Single by Sonohra

from the album Liberi da sempre
- Released: 26 February 2008 (Italy)
- Genre: Pop rock
- Length: 3:49
- Label: Sony BMG
- Songwriters: Luca Fainello; Diego Fainello; Roberto Tini;
- Producer: Roberto Tini

= L'amore (Sonohra song) =

"L'amore" is a song by Italian duo Sonohra, released as their debut single in February 2008, and included in their first studio album, titled Liberi da sempre. The song was the group's Sanremo Music Festival 2008 entry, and won the competition in the Newcomers' section. A Spanish-language version of the song, titled "Buscando l'amor", was also recorded by the band and featured on their album Libres.
Sonohra also translated and recorded the song in English, under the title "Love Is Here".
In 2022, "L'amore" was re-recorded and re-released to Italian radio stations.

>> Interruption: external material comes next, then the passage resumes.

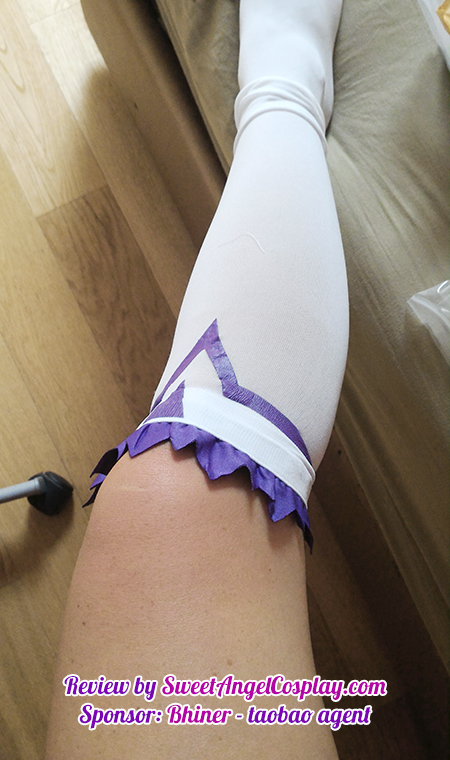 – le calze sono diverse dall’immagine di riferimento e sono talmente strette da non salire oltre al ginocchio nonostante avessi richiesto qualcosa di ben elasticizzato, conoscendo le mie “gambotte”. Ho rimediato temporaneamente tagliandole e aprendole di ben 6 cm sul retro per la parte viola. In futuro le rifarò a modo da zero.

The song received the award for Tormentone dell'anno (Catchphrase of the year) at the 2008 Italian Nickelodeon Kids' Choice Awards.

==Background==
The song was written by producer Roberto Tini and Sonohra members Diego Fainello and Luca Fainello.
The duo revealed that "L'amore" was inspired by an English girl they met while playing in pubs, before they rose to fame with their music. Luca fell in love with her at first sight, but the girl had to come back to England after one day only. Therefore, the song's lyrics "describe a lovestory, which is impossible due to the distance between two people who don't know anything about each other, and live too far to manage to deepen their connection".

==Music video==
The music video for the song was filmed on the Cliffs of Moher, in Ireland, by director Antonella Schioppa. During an interview, the band claimed they felt the Irish landscape was a good choice to describe the personal experience the song is based on.

==Charts==

| Chart (2008) | Peak position |
|---|---|
| Italy (FIMI) | 6 |

==Certifications==

| Region | Certification | Certified units/sales |
| Italy (FIMI) | Gold | 50,000^{‡} |
^{‡} Sales+streaming figures based on certification alone.